De Charles Miller, no início do século 19, à aceitação de atletas negros nos anos 1920, o Museu do Futebol, no Pacaembu, narra a trajetória do futebol no Brasil (Foto: Ana Beatriz Brighenti)

De acordo com Flávio de Campos, coordenador do Ludens, o jogador teve uma reação de resistência ao racismo, porém uma situação de violência como essa merecia uma postura mais séria. “Eu não acho que seja interessante a gente ficar com essa brincadeira de ‘somos todos macacos’, todo mundo comendo banana, e toda essa ‘bananização’ do preconceito. Eu adoraria que o Daniel Alves, em vez de ter comido a banana, tivesse a colocado na marca de escanteio, chutado a bola e ido embora do estádio.”

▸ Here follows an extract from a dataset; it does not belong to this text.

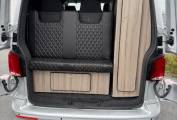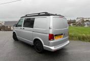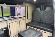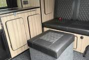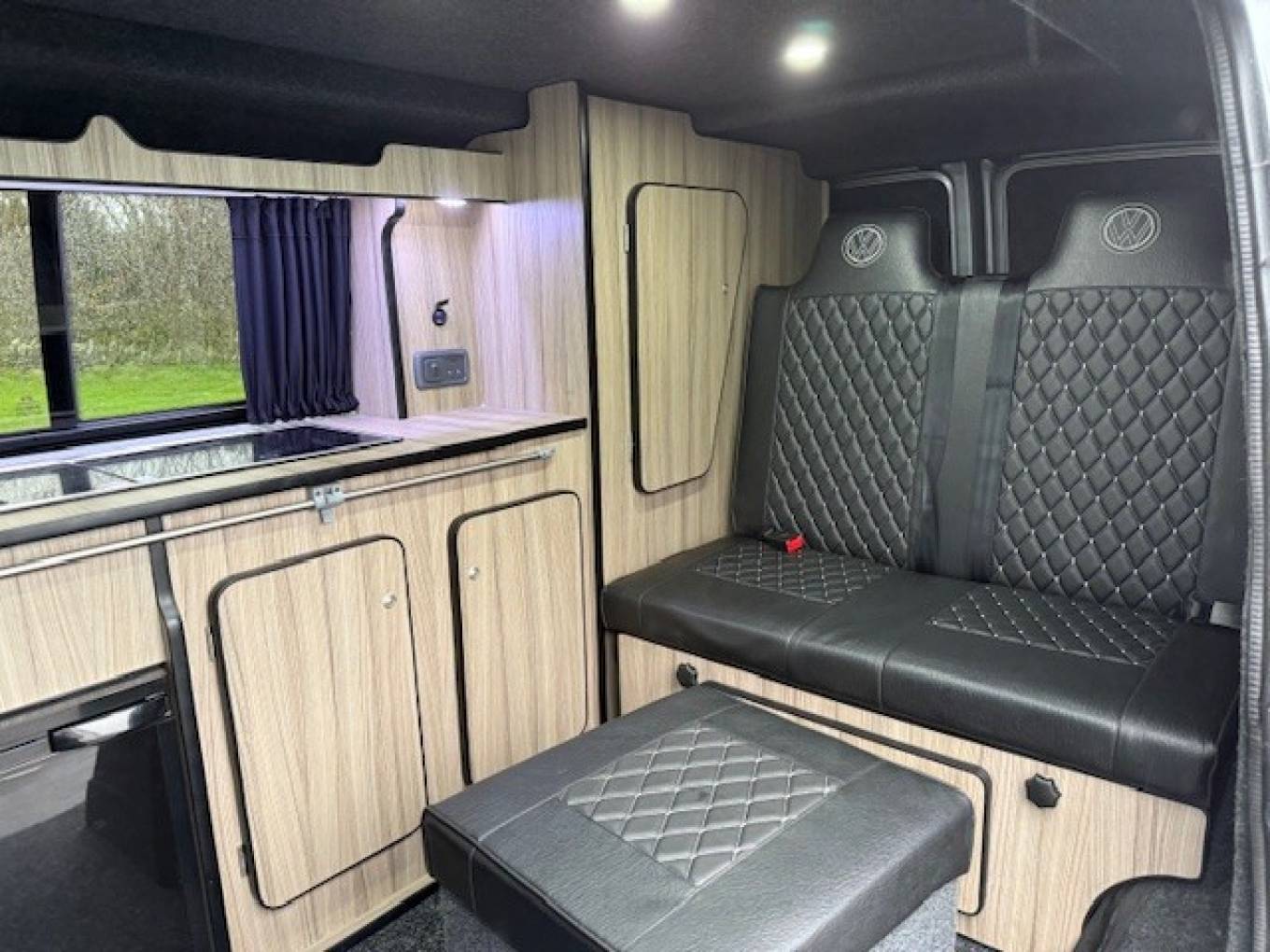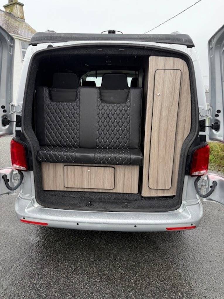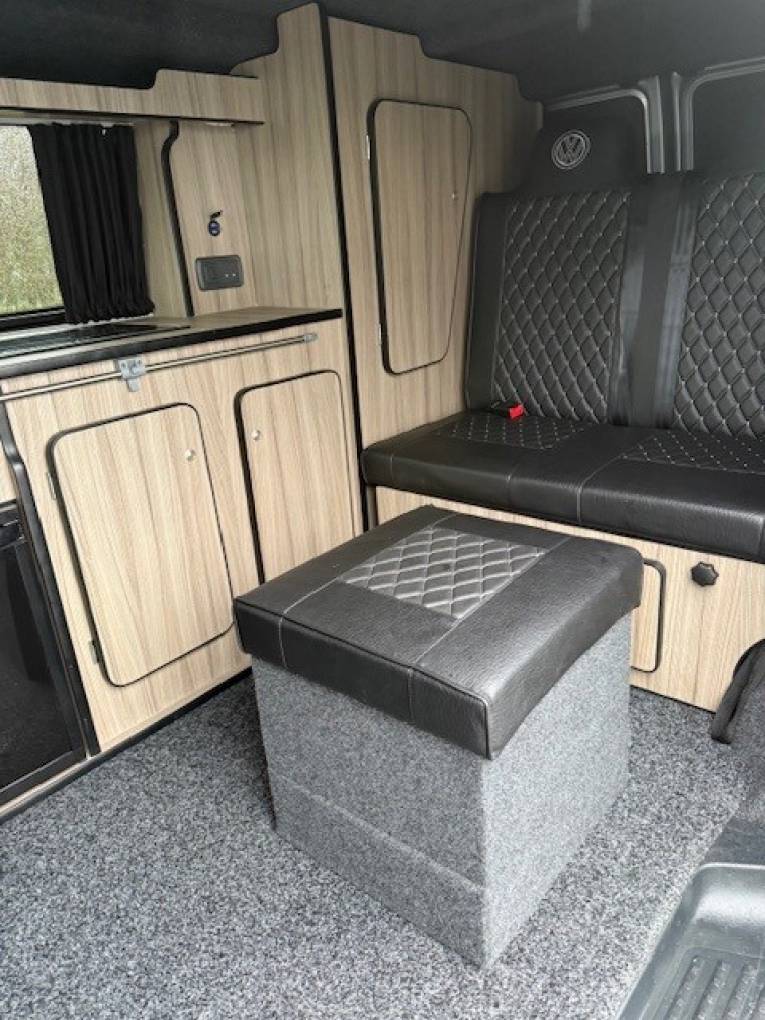 The Conversion has been converted professionally and has a pop up roof with roof rails and intergrated bed, a rock and Roll bed/seat with 2 seat belts, built in furniture with hob/sink fridge and lots of storage, A matching unit that houses a porta potty but also ideal for resting those legs and a a solar panel making it ideal for off gride nights away.

O fato de a campanha #somostodosmacacos, lançada posteriormente por Neymar, ter sido feita por uma agência de publicidade, no entanto, incomodou principalmente por associar diretamente “negros” e “macacos”. Além disso, a motivação inicial se perdeu e o que ficou foi uma ideia de autopromoção. Contudo, o saldo foi positivo. “O episódio como um todo, pela capacidade midiática do futebol e pela popularidade dos atletas envolvidos, tornou-se notícia mundial e de alguma maneira fez com que todos refletissem melhor sobre relações raciais, racismo e expressões politicamente corretas, aprofundando a discussão,” conclui Marcel.

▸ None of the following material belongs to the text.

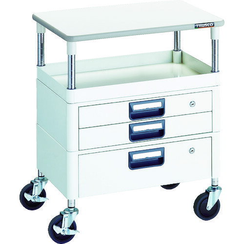 TRUSCO ツールワゴン フェニックスワゴン 省音 600X400 H740 引出付 天板付 ホワイトPEW-761VXT-W 1台(6601-1146150) | |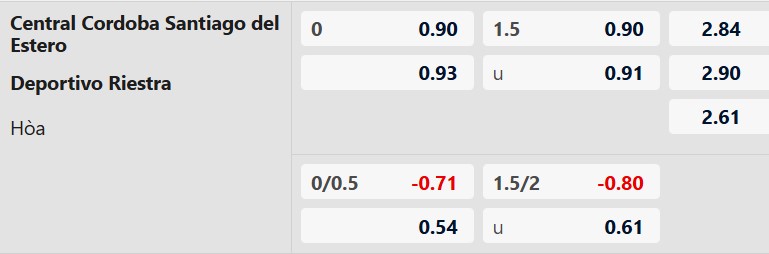 Tỷ lệ kèo châu Á được đưa ra ở mức 0:0 cho thấy đánh giá hai đội khá cân bằng. Central Cordoba có lợi thế sân nhà nhưng phong độ không quá ổn định khi chỉ thắng 1 trong 4 trận gần nhất. Trong khi đó Deportivo Riestra tuy xếp dưới nhưng lại tỏ ra cực kỳ khó chịu với lối chơi phòng ngự chắc chắn. Đặc biệt họ đang có chuỗi nhiều trận hòa liên tiếp với tỷ số thấp. Với sự cân bằng hiện tại, khả năng hai đội chia điểm là khá cao.

É comum acreditar que o futebol seja um espaço racialmente democrático no Brasil graças à presença de muitos e importantes atletas negros. Porém, é necessário analisar não só a trajetória de vida e profissional desses jogadores, como também outras áreas de atuação no esporte. “Quantos treinadores, dirigentes, árbitros e jornalistas negros existem no futebol brasileiro? Essa é a pergunta que desconstrói aquela crença.” Ou seja, apesar de o futebol ser visto como uma área mais maleável das relações raciais, é possível identificar na sua estrutura posições que raramente são abertas aos negros. “Quando eles superam as discriminações sofridas e acessam essas posições, isso ocorre por méritos individuais e não em termos coletivos.”

Preconceito além do racismo

A campanha “Vista sua camisa com orgulho”, criada por Flávio de Campos em parceria com a Secretaria de Direitos Humanos e Cidadania da Prefeitura de São Paulo, aponta para outro tipo de preconceito muito presente nos esportes – a homofobia. Flávio aponta que as práticas homofóbicas, disseminadas em toda a sociedade brasileira, são mais intensas no campo esportivo e particularmente no futebol.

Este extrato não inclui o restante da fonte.